Para Arahat, sepanjang hidup telah meninggalkan pengambilan sesuatu yang tidak diberikan, menjauhkan diri dari pengambilan sesuatu yang tidak diberikan, hanya mengambil apa yang diberikan, hanya menginginkan apa yang diberikan, tidak mencuri, dirinya bersih, bebas dari noda. Aku pun siang dan malam ini akan meninggalkan pengambilan sesuatu yang tidak diberikan, menjauhkan diri dari pengambilan sesuatu yang tidak diberikan, hanya mengambil apa yang diberikan, hanya menginginkan apa yang diberikan, tidak mencuri, dirinya bersih, bebas dari noda. Dengan cara demikianlah, aku mengikuti jejak para Arahat, dan menjalankan uposatha. Inilah sila ke dua yang diamalkan.

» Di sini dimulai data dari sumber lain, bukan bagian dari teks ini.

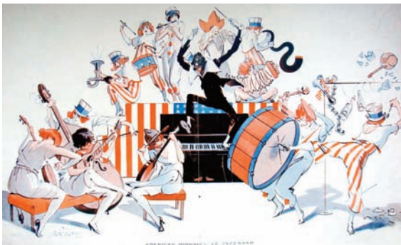
« American Miousic... ! Le jazz-band » Dessin René Préjelan, paru dans La Vie parisienne , s.l.s.d. Collection particulière, DR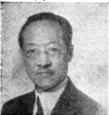
Dr. Y.R. Chao.

A principios de julio se mandarán muestras de ambos folletos a los Estados Miembros de la Unesco. Es de esperar que para entonces se traduzcan, allí donde sea necesario, receditándose con miras a su mayor difusión.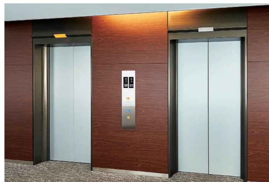
乗用13人乗りエレベーター・7階ホール(リニューアル後)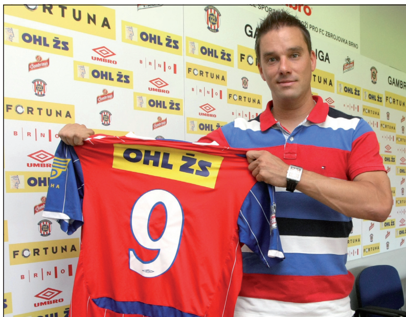
Léto 2011 a další návrat do Brna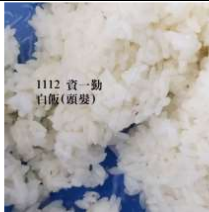
11/12(四) 資一勤 白飯 發現異物「頭髮」。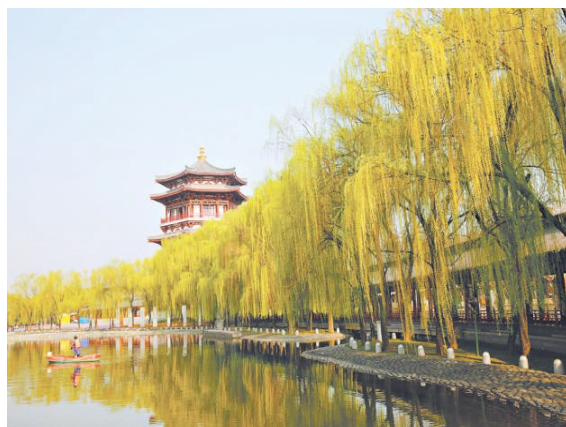
西安大唐芙蓉园周边的柳树与唐风古韵的建筑融合在一起,轻柔醉人。

不仅长安城广种柳树,柳树还被文成公主带到了吐蕃(西藏)。贞观十五年(公元641年),文成公主远嫁吐蕃,嫁妆中就有成捆的杨柳苗。文成公主到达吐蕃后,将长安的杨柳移栽于大昭寺和拉萨街道两旁。高原苦寒,种植不易,公主和随行的园艺工匠费尽心血才将这些柳树种活。这些柳树既增添了当地的绿意与柔美,深扎的根系也守护着河岸。时至今日,在西藏仍有很多柳树荫蔽着当地居民,被人们亲切地称为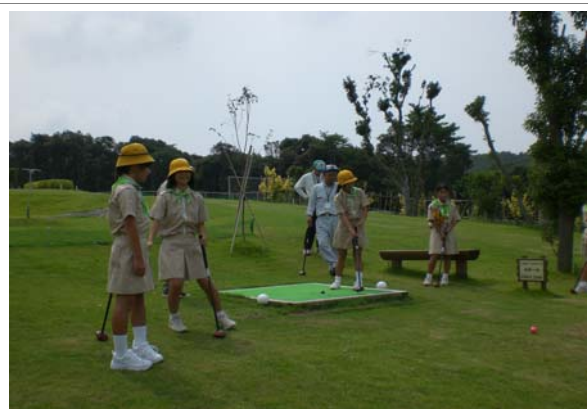
パークゴルフ大会(緑の少年団交流会)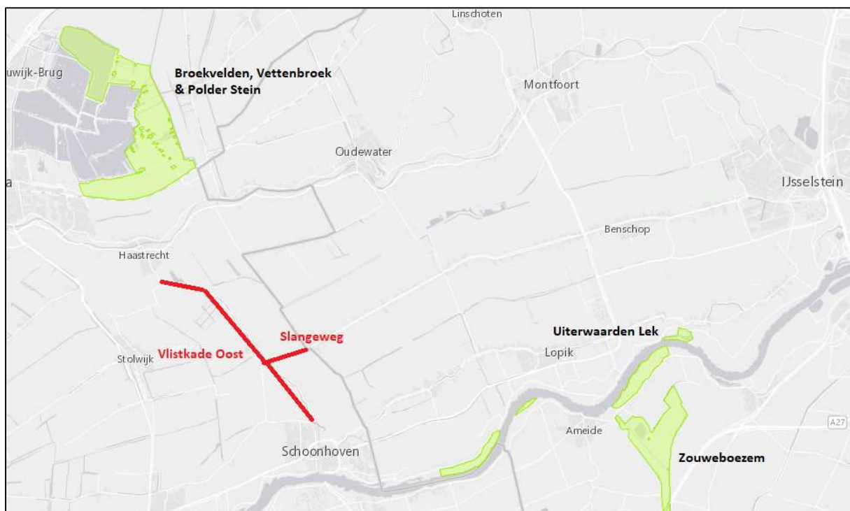
Figuur 5 Overzicht van de locatie van de werkzaamheden ten opzichte van de nabijgelegen Natura 2000-gebieden. Rode lijn is niet het exacte projectgebied maar een indicatie.

De beoogde werkzaamheden vinden plaats buiten de begrenzing van Natura 2000-gebied. Uit de Quickscan blijkt dat de dichtstbijzijnde Natura 2000-gebieden 'Broekvelden, Vettenbroek & Polder Stein' en 'Uiterwaarden Lek' liggen op een afstand van respectievelijk 1,5 en 4 kilometer. Van een directe aantasting en afname van areaal aan beschermd natuurgebied is daarom geen sprake. Het nabijgelegen Natura 2000-gebieden ligt op voldoende ruime afstand dat geen negatieve invloeden verwacht worden van factoren die met een korte reikwijdte op afstand werken, als bodemtrillingen, geluids- en lichtbelasting. De enige factor die op grotere afstand werkzaam is en op basis van zijn reikwijdte van invloed kan zijn, betreft de factor stikstofdepositie.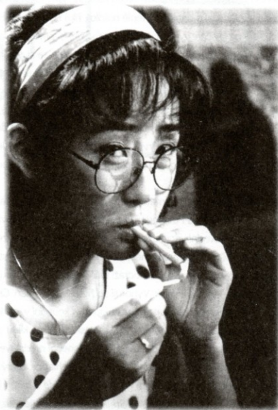
Má láska, má nevěsta (1991) . r. I Mjong-se

E xistuje něco jako typický styl korejského filmu? Čím se vyznačuje? Lze vůbec nějak zobecnit to, co nabízejí snímky žánrově a stylisticky tak rozličné?

Para Arahat, sepanjang hidup telah meninggalkan kehidupan tidak suci, menjalankan kehidupan suci, menjauhkan diri dari hal-hal yang tercela, menjauhkan diri dari kontak seksual seperti orang awam. Aku pun siang dan malam ini akan meninggalkan kehidupan tidak suci, menjalankan kehidupan suci, menjauhkan diri dari hal-hal yang tercela, menjauhkan diri dari kontak seksual seperti orang awam. Dengan cara demikianlah, aku mengikuti jejak para Arahat, dan menjalankan uposatha. Inilah sila ke tiga yang diamalkan.
Para Arahat, sepanjang hidup telah meninggalkan ucapan bohong, menjauhkan diri dari ucapan bohong, hanya mengucapkan yang benar, yang sesuai dengan kenyataan, dapat dipercayai, jujur, tidak berdusta terhadap orang-orang di dunia. Aku pun siang dan malam ini akan meninggalkan ucapan bohong, menjauhkan diri dari ucapan bohong, hanya mengucapkan yang benar, yang sesuai dengan kenyataan, dapat dipercayai, jujur, tidak berdusta terhadap orang-orang di dunia. Dengan cara demikianlah, aku mengikuti jejak para Arahat, dan menjalankan uposatha. Inilah sila ke empat yang diamalkan.
Para Arahat, sepanjang hidup telah meninggalkan minuman beralkohol dan memabukkan, menjauhkan diri dari minuman beralkohol dan memabukkan. Aku pun siang dan malam ini akan meninggalkan minuman beralkohol dan memabukkan, menjauhkan diri dari minuman beralkohol dan memabukkan. Dengan cara demikianlah, aku mengikuti jejak para Arahat, dan menjalankan uposatha. Inilah sila ke lima yang diamalkan.
Para Arahat, sepanjang hidup sehari hanya makan sekali, tidak makan pada malam hari, menjauhkan diri dari makan pada waktu yang salah. Aku pun siang dan malam ini akan makan hanya sekali, tidak makan pada malam hari, menjauhkan diri dari makan pada waktu yang salah. Dengan cara demikianlah, aku mengikuti jejak para Arahat, dan menjalankan uposatha. Inilah sila ke enam yang diamalkan.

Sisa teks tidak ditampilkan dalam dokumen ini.